▶ **Raw data**
== Segment start ==

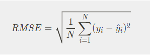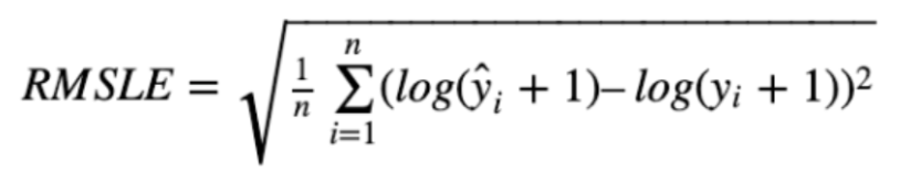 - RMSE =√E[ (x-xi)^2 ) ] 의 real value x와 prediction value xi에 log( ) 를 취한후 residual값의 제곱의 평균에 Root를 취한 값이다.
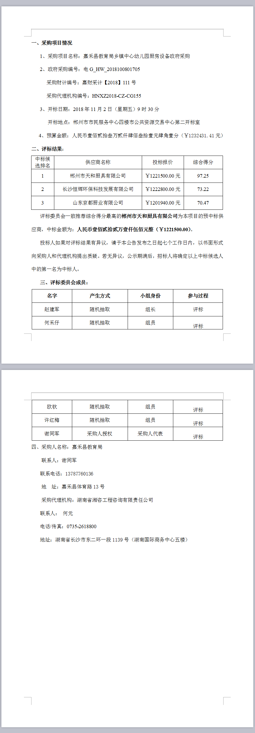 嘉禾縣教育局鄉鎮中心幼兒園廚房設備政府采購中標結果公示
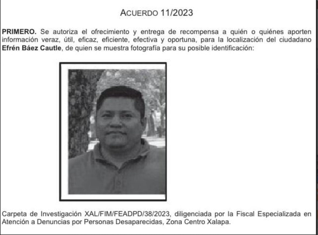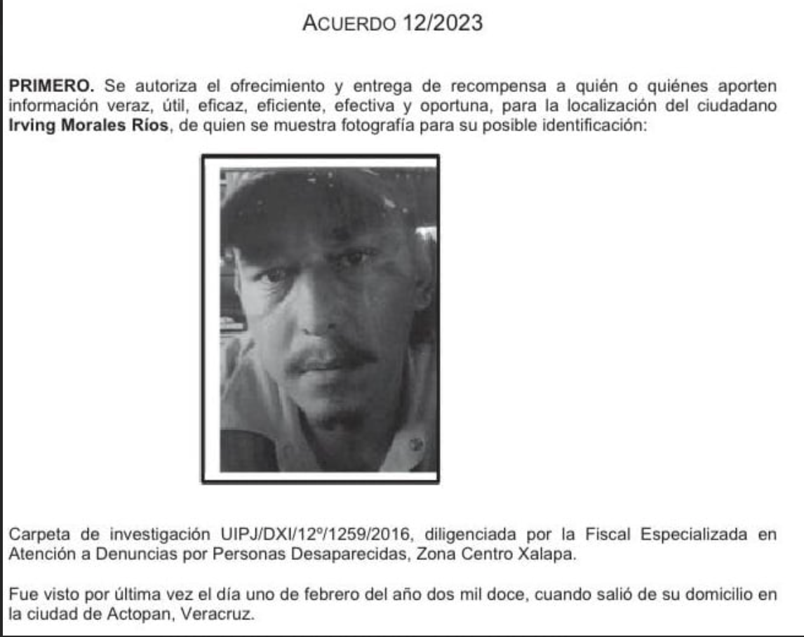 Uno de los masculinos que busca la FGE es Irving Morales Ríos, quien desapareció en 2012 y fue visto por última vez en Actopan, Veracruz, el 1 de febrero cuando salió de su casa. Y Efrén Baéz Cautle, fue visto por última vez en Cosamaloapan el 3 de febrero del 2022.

== Segment end ==

▶ **Work to complete**
Print the data word for word and omit the pictures.

▶ **Task solution**
 - RMSE =√E[ (x-xi)^2 ) ] 의 real value x와 prediction value xi에 log( ) 를 취한후 residual값의 제곱의 평균에 Root를 취한 값이다.
 嘉禾縣教育局鄉鎮中心幼兒園廚房設備政府采購中標結果公示
 Uno de los masculinos que busca la FGE es Irving Morales Ríos, quien desapareció en 2012 y fue visto por última vez en Actopan, Veracruz, el 1 de febrero cuando salió de su casa. Y Efrén Baéz Cautle, fue visto por última vez en Cosamaloapan el 3 de febrero del 2022.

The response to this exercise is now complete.